Joe Girardi will have to be aggressive in the ALDS. (Photo by Jeff Zelevansky/Getty Images)
Joe Girardi will have to be aggressive in the ALDS. (Photo by Jeff Zelevansky/Getty Images)

Remember the wild-card game: 
The Yankees have to hope Girardi doesn’t have a short memory. If the team has a weakness, it’s probably starting pitching. Though, we should note their starters combined for a 3.98 ERA, fifth best in the league. Still, we know the bullpen is the Yankees’ strength. Girardi needs to follow his blueprint from the American League wild-card game. If a starter struggles early, he needs to be willing to pull the plug.

Everybody keep calm: The Yankees exceeded expectations this season due to their youngsters. You would think nerves could be an issue, though that myth was met with mixed results in the wild-card game. Severino struggled, but Judge hit a home run and Gary Sanchez remained on the field despite taking a hit to a sensitive area. Getting Severino back on track would be huge, but making sure the moment doesn’t get too big for any of the team’s first-timers will be key.

Use Aroldis Chapman properly: Girardi was willing to let all of his relievers throw multiple innings in the AL wild-card game … except Chapman. That was probably the right call. The reliever criticized Joe Maddon during the offseason for leaving in Game 6 of the World Series too long. Chapman said he was tired for Game 7, in which he gave up a game-tying home run. Girardi can lean on his other relievers for multiple innings, but he should limit Chapman to just one unless he knows he can get the reliever enough rest.

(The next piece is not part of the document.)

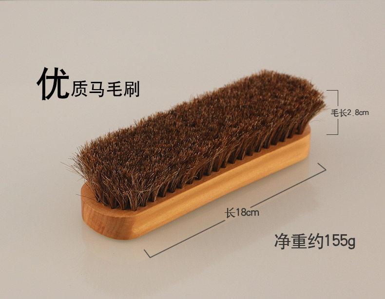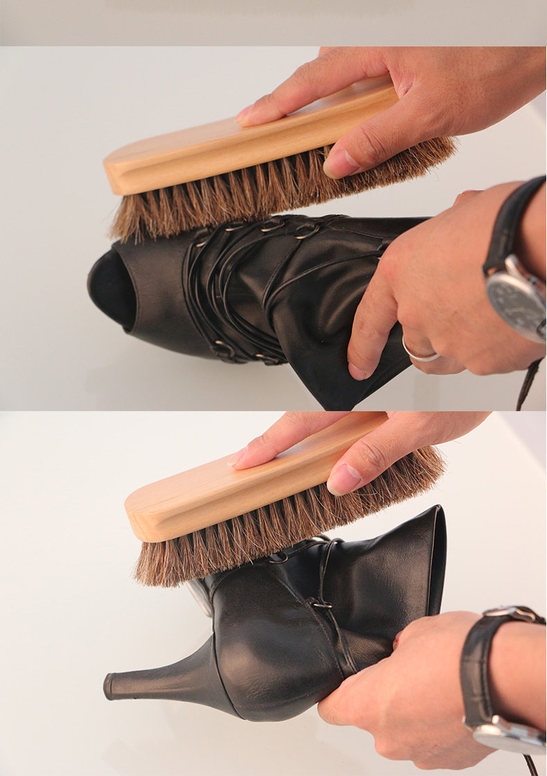 1. Horsehair shoe brushes are softer than pighair and plastic shoe brushes, which makes them less likely to damage the leather surface when used for cleaning, oiling, and polishing.

Trevor Bauer gets the call in Game 1 of the ALDS. (AP Photo/Tony Dejak, File)
Trevor Bauer gets the call in Game 1 of the ALDS. (AP Photo/Tony Dejak, File)


  • 4 2/3: Trevor Bauer’s longest postseason outing in 2016. That was before he cut his pinky on his drone. After the injury, Bauer made it four innings before getting pulled. Game 1 could get turned over to the bullpen quickly.

  • 0: Number of times Kluber and Judge have faced off. Arguably the best player on each team have never gone up against each other. Whoever can figure the other out first could have a big advantage.

  • 1.41: Andrew Miller’s ERA in 19 1/3 innings in the 2016 postseason. He only gave up three runs, all of which came in the World Series. Other than that, he was flawless.

  • 0: Tweets from Larry King saying the Yankees are going to win this series. He felt pretty confident during the wild-card game, guaranteeing a Yankees’ victory. Not so much with the ALDS.

  • 20.6: Strikeout-to-walk rate for Cleveland’s pitchers. The team led the league in strikeout rate while posting the lowest walk rate among staffs. You have to earn your base against Cleveland, so the Yankees need to bring their bats if they want to win this series.